== Dataset ==
#####

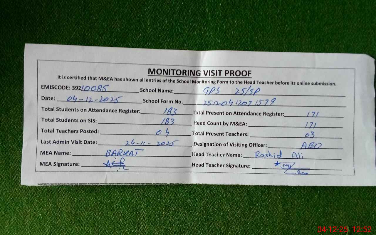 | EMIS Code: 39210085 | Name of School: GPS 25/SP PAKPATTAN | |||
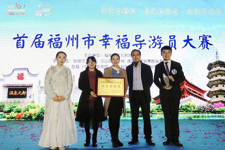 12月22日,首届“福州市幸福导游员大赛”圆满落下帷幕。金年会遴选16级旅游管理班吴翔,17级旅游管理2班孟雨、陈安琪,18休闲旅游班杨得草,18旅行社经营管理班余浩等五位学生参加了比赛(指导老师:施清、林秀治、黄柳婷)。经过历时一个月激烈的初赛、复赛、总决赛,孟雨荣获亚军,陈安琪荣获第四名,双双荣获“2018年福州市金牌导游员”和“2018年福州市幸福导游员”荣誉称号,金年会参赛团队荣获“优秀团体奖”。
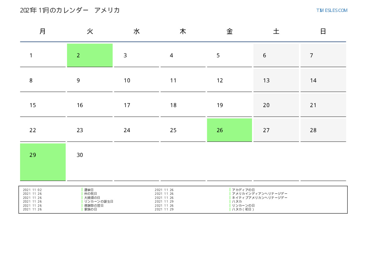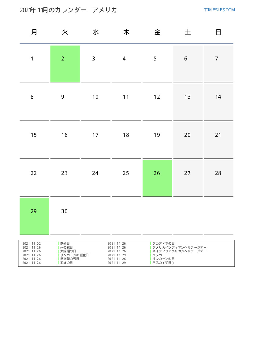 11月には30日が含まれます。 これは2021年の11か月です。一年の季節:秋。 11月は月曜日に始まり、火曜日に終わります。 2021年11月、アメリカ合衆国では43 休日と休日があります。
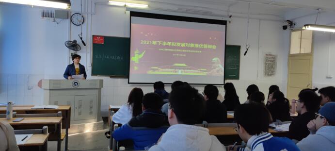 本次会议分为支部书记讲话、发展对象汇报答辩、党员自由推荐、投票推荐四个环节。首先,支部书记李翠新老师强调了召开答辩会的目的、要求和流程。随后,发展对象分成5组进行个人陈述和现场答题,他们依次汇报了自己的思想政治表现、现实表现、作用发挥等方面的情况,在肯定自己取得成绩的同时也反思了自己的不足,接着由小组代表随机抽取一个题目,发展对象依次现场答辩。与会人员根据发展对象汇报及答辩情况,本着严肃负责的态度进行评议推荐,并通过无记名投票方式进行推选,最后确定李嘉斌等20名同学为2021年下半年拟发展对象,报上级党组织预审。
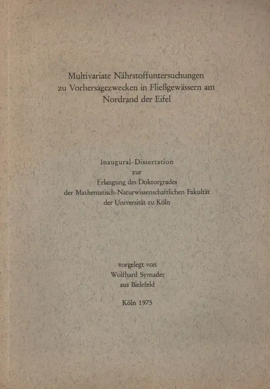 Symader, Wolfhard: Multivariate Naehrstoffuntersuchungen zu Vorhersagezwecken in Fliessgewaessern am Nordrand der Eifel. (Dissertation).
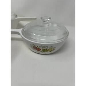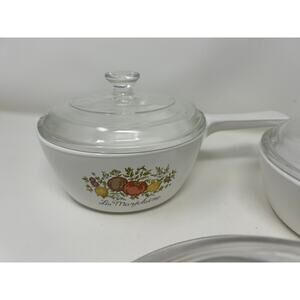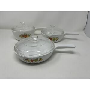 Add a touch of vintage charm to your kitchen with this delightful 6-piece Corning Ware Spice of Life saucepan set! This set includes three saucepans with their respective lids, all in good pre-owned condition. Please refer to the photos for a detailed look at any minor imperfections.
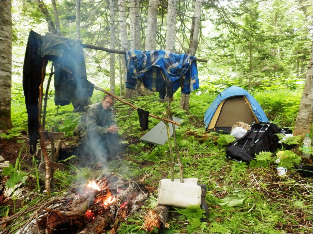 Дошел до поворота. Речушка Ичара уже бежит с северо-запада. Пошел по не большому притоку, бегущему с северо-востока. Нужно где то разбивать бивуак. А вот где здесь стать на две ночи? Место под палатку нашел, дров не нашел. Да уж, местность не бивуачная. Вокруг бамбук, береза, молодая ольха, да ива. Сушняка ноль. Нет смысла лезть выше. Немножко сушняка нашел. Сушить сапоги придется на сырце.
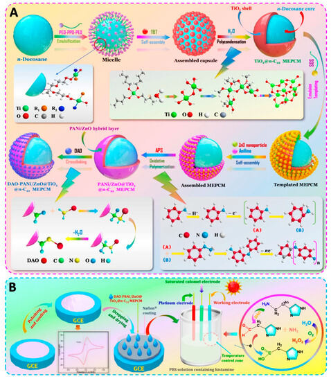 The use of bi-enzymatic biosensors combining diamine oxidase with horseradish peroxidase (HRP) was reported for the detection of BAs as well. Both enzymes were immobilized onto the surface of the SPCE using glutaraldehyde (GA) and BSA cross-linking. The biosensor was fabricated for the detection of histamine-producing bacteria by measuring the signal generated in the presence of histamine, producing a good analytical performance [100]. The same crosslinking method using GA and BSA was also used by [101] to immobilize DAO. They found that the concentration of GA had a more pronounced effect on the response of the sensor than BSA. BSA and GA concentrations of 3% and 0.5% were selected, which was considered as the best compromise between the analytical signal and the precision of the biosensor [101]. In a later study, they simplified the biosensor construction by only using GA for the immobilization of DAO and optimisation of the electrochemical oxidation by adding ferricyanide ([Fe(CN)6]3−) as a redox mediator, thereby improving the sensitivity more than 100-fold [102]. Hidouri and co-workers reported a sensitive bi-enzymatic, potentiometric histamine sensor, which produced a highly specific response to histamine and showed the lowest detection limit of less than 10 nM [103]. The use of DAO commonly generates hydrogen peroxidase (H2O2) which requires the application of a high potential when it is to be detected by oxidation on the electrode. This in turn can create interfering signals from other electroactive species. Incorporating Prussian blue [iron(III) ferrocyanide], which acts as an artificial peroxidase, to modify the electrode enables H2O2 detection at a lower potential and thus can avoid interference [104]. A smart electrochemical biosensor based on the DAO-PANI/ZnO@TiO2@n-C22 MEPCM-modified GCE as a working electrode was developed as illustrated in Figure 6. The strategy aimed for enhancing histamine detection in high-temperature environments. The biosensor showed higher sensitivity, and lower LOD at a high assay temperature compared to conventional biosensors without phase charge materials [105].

#####

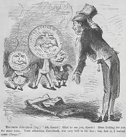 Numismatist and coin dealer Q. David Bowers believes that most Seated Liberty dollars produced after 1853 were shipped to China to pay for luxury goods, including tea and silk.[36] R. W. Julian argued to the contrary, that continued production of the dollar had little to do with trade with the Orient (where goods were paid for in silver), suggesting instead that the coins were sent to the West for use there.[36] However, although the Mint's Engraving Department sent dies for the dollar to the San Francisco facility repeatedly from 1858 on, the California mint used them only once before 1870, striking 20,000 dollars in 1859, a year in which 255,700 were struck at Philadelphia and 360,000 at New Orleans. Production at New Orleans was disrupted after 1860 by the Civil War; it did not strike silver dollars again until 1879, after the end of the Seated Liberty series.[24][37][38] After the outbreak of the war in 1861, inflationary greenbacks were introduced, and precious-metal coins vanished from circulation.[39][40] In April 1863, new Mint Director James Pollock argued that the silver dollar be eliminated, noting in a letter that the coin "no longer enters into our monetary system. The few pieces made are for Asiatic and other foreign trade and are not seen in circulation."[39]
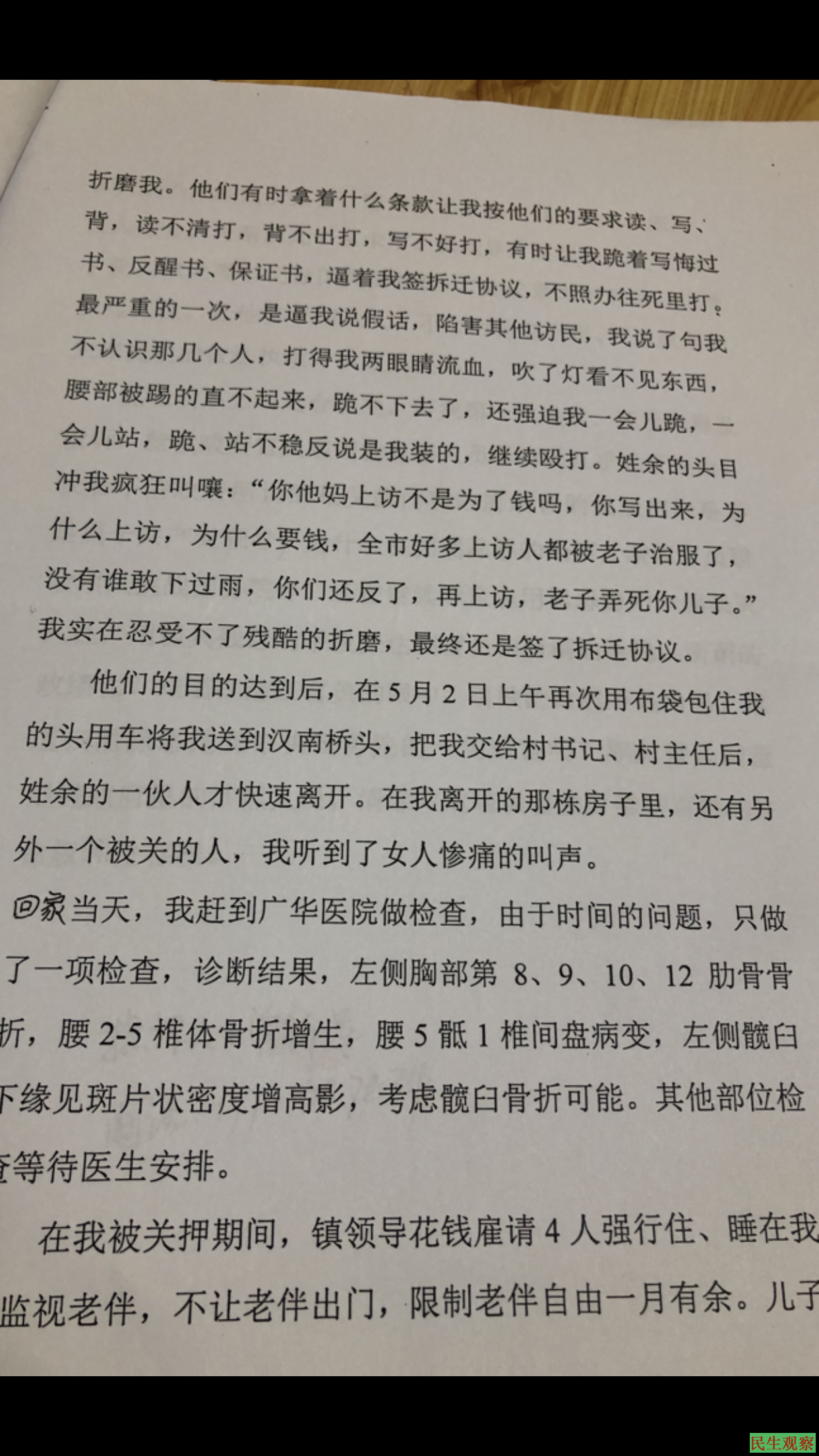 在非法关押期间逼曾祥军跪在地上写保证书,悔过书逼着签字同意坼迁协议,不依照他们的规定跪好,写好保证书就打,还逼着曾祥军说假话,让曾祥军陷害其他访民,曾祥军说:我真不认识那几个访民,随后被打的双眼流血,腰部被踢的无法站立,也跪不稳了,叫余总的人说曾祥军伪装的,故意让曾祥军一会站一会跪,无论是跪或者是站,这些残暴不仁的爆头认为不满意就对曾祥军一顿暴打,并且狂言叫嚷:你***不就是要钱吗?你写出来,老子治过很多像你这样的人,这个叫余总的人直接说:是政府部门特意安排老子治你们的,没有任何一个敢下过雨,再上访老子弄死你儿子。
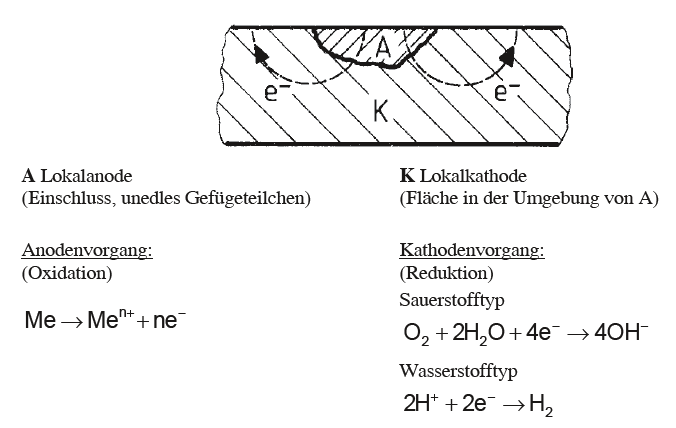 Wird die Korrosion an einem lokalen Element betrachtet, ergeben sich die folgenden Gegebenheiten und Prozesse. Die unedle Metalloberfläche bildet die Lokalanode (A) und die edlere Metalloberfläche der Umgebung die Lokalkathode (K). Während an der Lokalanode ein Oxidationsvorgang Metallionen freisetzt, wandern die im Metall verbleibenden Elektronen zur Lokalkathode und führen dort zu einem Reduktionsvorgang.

#####

== Exercise details ==
Retype only the lines above from the one with "Symader, Wolfhard: Multivariate" through the one with "Add a touch", exactly and with both ends. Images stay out.

== Your response ==
 Symader, Wolfhard: Multivariate Naehrstoffuntersuchungen zu Vorhersagezwecken in Fliessgewaessern am Nordrand der Eifel. (Dissertation).
 Add a touch of vintage charm to your kitchen with this delightful 6-piece Corning Ware Spice of Life saucepan set! This set includes three saucepans with their respective lids, all in good pre-owned condition. Please refer to the photos for a detailed look at any minor imperfections.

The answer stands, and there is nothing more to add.